Try it: Print the listing in its entirety and exactly, leaving out images.

*** Source data ***

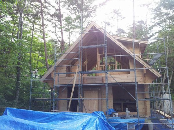 昨日は天気良かったですね。 天気がいい中昨日は山梨県富士桜高原別荘地内にて建築中のS邸様現場行ってきました。 早朝2時半に出発して5時半に現場につき造作に使う材料を下ろしました。
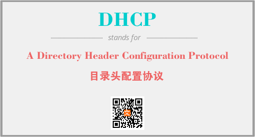 英文缩略词“DHCP”经常作为“A Directory Header Configuration Protocol”的英文缩写来使用,中文表示:“目录头配置协议”。本文将详细介绍英文缩写词DHCP所代表英文单词,其对应的中文拼音、详细解释以及在英语中的流行度。此外,还有关于缩略词DHCP的分类、应用领域及相关应用示例等。
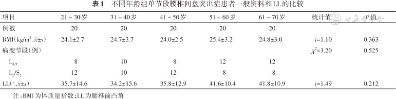 不同年龄组单节段腰椎间盘突出症患者一般资料和LL的比较

*** End of Source data ***

Completed task:
 昨日は天気良かったですね。 天気がいい中昨日は山梨県富士桜高原別荘地内にて建築中のS邸様現場行ってきました。 早朝2時半に出発して5時半に現場につき造作に使う材料を下ろしました。
 英文缩略词“DHCP”经常作为“A Directory Header Configuration Protocol”的英文缩写来使用,中文表示:“目录头配置协议”。本文将详细介绍英文缩写词DHCP所代表英文单词,其对应的中文拼音、详细解释以及在英语中的流行度。此外,还有关于缩略词DHCP的分类、应用领域及相关应用示例等。
 不同年龄组单节段腰椎间盘突出症患者一般资料和LL的比较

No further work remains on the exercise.